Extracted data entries

▼

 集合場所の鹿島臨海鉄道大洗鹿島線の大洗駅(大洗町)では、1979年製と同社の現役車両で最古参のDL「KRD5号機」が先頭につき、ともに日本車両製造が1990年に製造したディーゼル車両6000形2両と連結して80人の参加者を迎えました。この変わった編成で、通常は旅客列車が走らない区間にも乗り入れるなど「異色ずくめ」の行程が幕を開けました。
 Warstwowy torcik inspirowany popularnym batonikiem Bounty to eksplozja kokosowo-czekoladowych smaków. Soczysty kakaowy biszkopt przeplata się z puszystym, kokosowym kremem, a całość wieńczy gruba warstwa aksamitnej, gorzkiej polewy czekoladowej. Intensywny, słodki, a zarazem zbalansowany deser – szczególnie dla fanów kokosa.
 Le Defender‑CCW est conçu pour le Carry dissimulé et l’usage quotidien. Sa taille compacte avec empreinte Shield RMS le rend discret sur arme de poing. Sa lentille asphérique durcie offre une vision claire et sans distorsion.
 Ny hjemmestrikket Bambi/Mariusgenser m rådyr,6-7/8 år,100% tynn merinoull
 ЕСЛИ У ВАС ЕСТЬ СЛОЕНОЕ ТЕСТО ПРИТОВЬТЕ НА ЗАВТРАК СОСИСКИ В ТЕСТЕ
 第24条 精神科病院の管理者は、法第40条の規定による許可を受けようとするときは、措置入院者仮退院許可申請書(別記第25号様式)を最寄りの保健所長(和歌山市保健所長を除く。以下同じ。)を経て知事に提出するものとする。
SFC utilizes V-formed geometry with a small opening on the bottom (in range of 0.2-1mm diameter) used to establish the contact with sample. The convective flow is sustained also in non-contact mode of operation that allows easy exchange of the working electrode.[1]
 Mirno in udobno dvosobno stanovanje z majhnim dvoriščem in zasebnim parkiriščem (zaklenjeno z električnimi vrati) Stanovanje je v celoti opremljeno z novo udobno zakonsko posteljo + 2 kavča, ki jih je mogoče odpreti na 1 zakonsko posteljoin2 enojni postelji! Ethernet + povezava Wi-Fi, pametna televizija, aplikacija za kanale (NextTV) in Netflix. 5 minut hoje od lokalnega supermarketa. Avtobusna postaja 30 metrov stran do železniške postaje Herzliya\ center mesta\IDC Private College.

▲

What you return should consist solely of the lines from the one containing "第24条 精神科病院の管理者" through the end of the entries above, reproduced exactly.

 第24条 精神科病院の管理者は、法第40条の規定による許可を受けようとするときは、措置入院者仮退院許可申請書(別記第25号様式)を最寄りの保健所長(和歌山市保健所長を除く。以下同じ。)を経て知事に提出するものとする。
SFC utilizes V-formed geometry with a small opening on the bottom (in range of 0.2-1mm diameter) used to establish the contact with sample. The convective flow is sustained also in non-contact mode of operation that allows easy exchange of the working electrode.[1]
 Mirno in udobno dvosobno stanovanje z majhnim dvoriščem in zasebnim parkiriščem (zaklenjeno z električnimi vrati) Stanovanje je v celoti opremljeno z novo udobno zakonsko posteljo + 2 kavča, ki jih je mogoče odpreti na 1 zakonsko posteljoin2 enojni postelji! Ethernet + povezava Wi-Fi, pametna televizija, aplikacija za kanale (NextTV) in Netflix. 5 minut hoje od lokalnega supermarketa. Avtobusna postaja 30 metrov stran do železniške postaje Herzliya\ center mesta\IDC Private College.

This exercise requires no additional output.